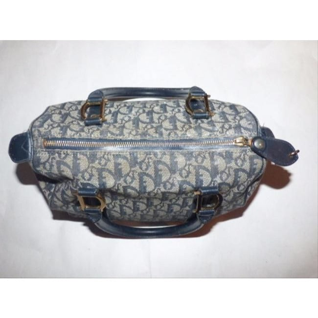 The bag is a medium/ large, classic, doctor's satchel style purse with two handles. It is made of trotter style logo embroidered canvas & leather in blues. The purse has two navy leather handles, attached by a bold gold 'D' logo and a 'Dior' gold padlock attached to the zipper!
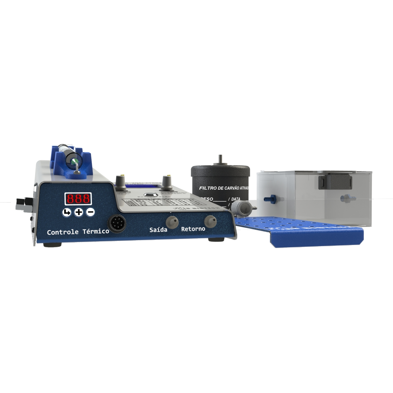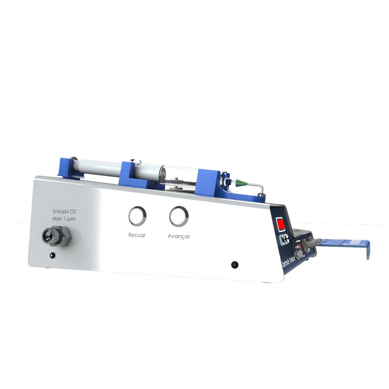 - Ajuste de volume e taxa de infusão na faixa de 0,1 até 0,9(LPM) para ar ambiente e de até 1,5 LPM com cilindro de O2.
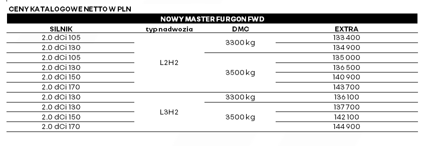 Cennik nowego Renault Master z typoszeregu XDD startuje od 133 400 zł netto za L2H2 z silnikiem 2.0 dCi 105. Auto pojawić się ma we wrześniu.
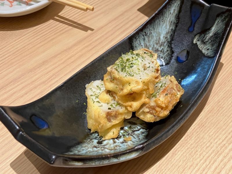 遊び仲間の集まりで、大阪市・梅田の商業ビル「KTTTE]の中の九州酒場「つくし」に行った。九州の焼酎や日本酒を揃えた店だった。 その日の突き出しは、キュウリとサツマイモだった。料理で印象に残ったのは竹輪サラダ。仲間によると、九州名物だという。竹輪の穴にマッシュポテトを詰め、衣をつけて揚げてあった。ほかに、つくしのカルパッチョ(その日はカンパチ)、明太子だし巻きなどを食べた。(梶川伸)2025.09.24
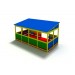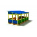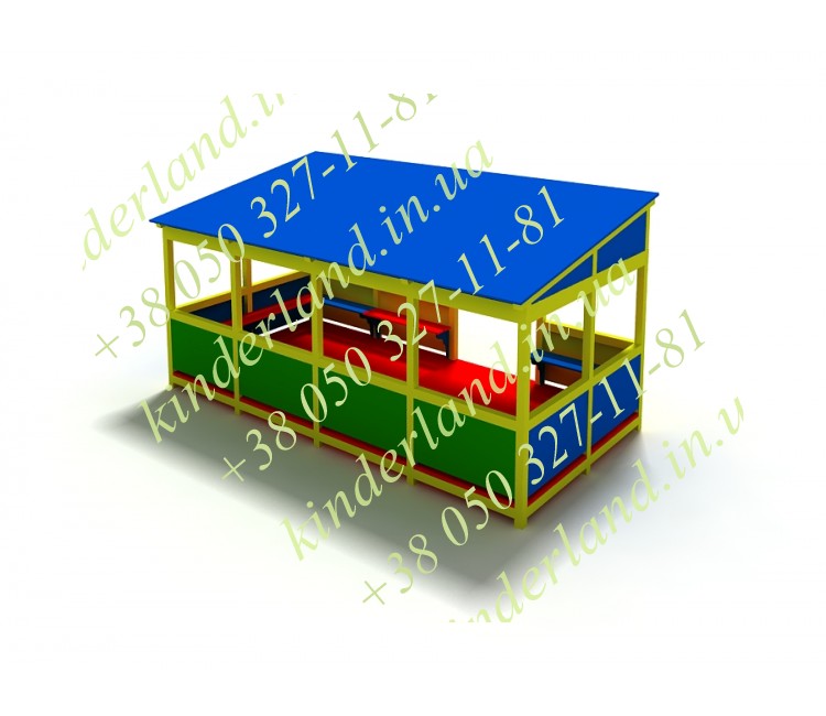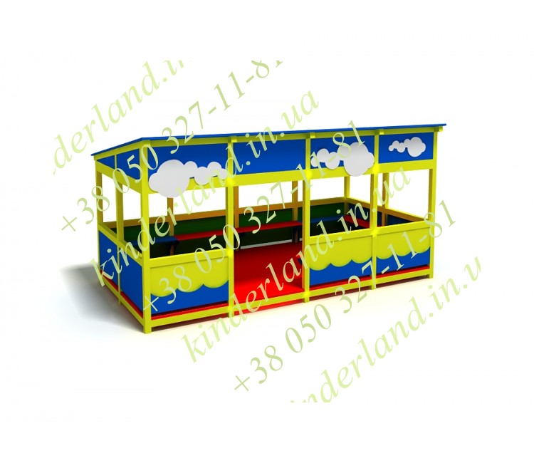 Летняя беседка оснащена лавками, покрытыми антисептиком. Сооружена с помощью качественных материалов, не склонных к появлению коррозии. Рассчитана на пользование детьми разных возрастных групп. Форма имеет вид павильона, декорированного белыми облачками. Внутри она также ярко окрашена, как и снаружи. «Облачко» покрашена в желтые, голубые, красные и белые цвета. Краски высококачественные, не выгорают на солнце, не портятся под воздействием воды.
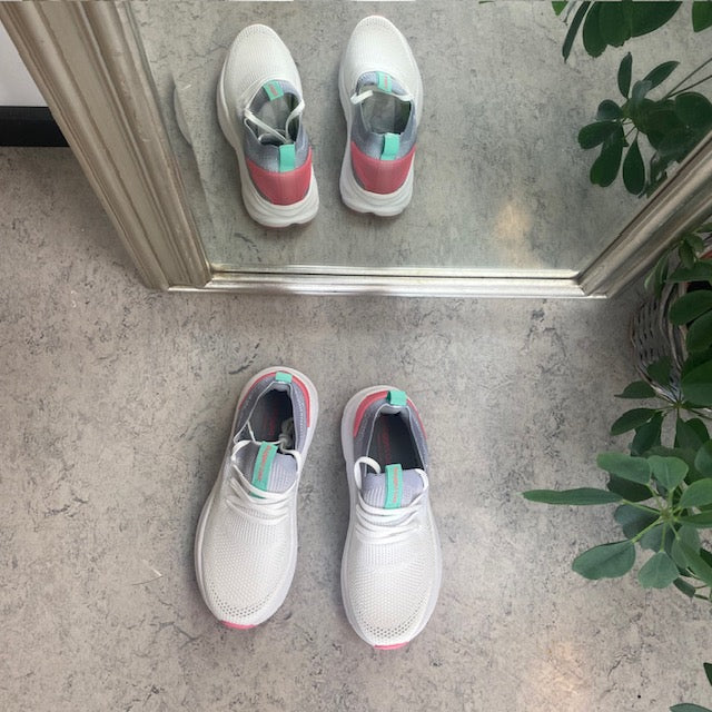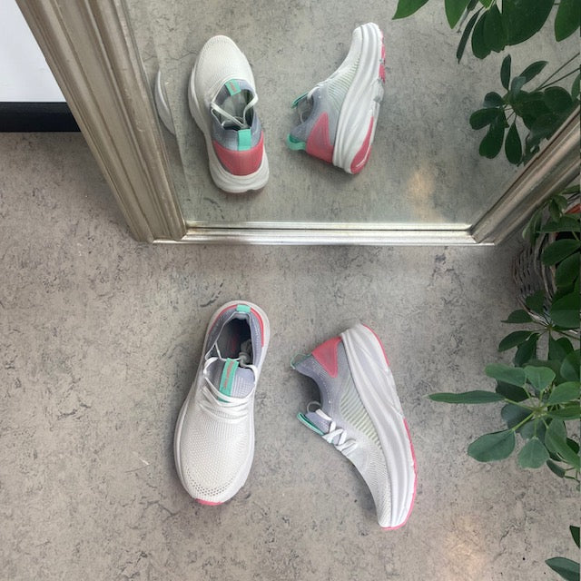Grå/hvid åndbar slip on sko med stødabsorbering
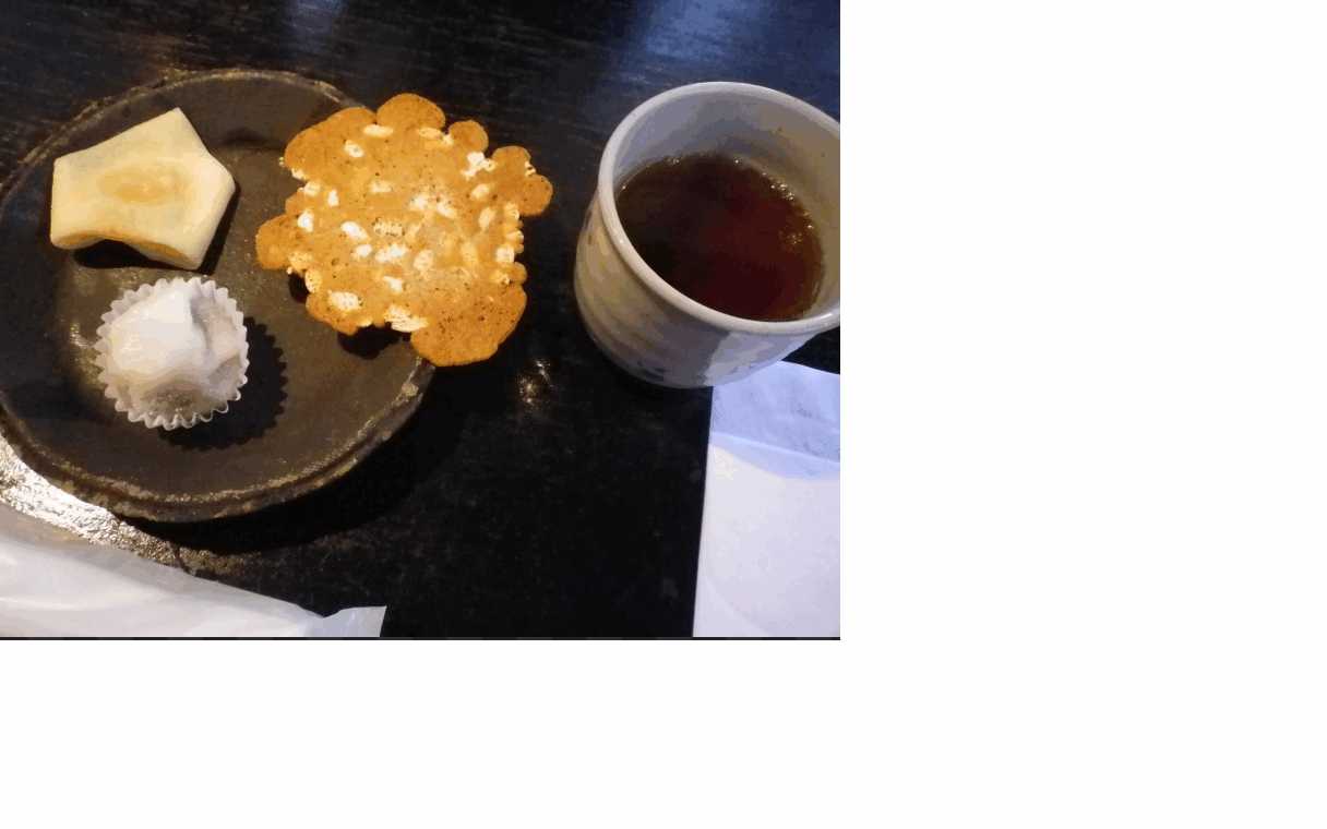 まず、3種類の和菓子の試食を香ばしいほうじ茶と一緒に楽しみました。
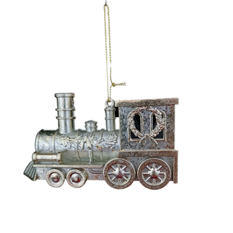 Pezsgő színű mozdony karácsonyi akasztós dísz, plasztik. Mérete: 12x 6,5x 4cm.

EXERCISE: Leaving every picture out, write out exactly the lines from the beginning of the listing above to the line with "遊び仲間の集まりで、大阪市・", inclusive.

EXERCISE SOLUTION:
 The bag is a medium/ large, classic, doctor's satchel style purse with two handles. It is made of trotter style logo embroidered canvas & leather in blues. The purse has two navy leather handles, attached by a bold gold 'D' logo and a 'Dior' gold padlock attached to the zipper!
 - Ajuste de volume e taxa de infusão na faixa de 0,1 até 0,9(LPM) para ar ambiente e de até 1,5 LPM com cilindro de O2.
 Cennik nowego Renault Master z typoszeregu XDD startuje od 133 400 zł netto za L2H2 z silnikiem 2.0 dCi 105. Auto pojawić się ma we wrześniu.
 遊び仲間の集まりで、大阪市・梅田の商業ビル「KTTTE]の中の九州酒場「つくし」に行った。九州の焼酎や日本酒を揃えた店だった。 その日の突き出しは、キュウリとサツマイモだった。料理で印象に残ったのは竹輪サラダ。仲間によると、九州名物だという。竹輪の穴にマッシュポテトを詰め、衣をつけて揚げてあった。ほかに、つくしのカルパッチョ(その日はカンパチ)、明太子だし巻きなどを食べた。(梶川伸)2025.09.24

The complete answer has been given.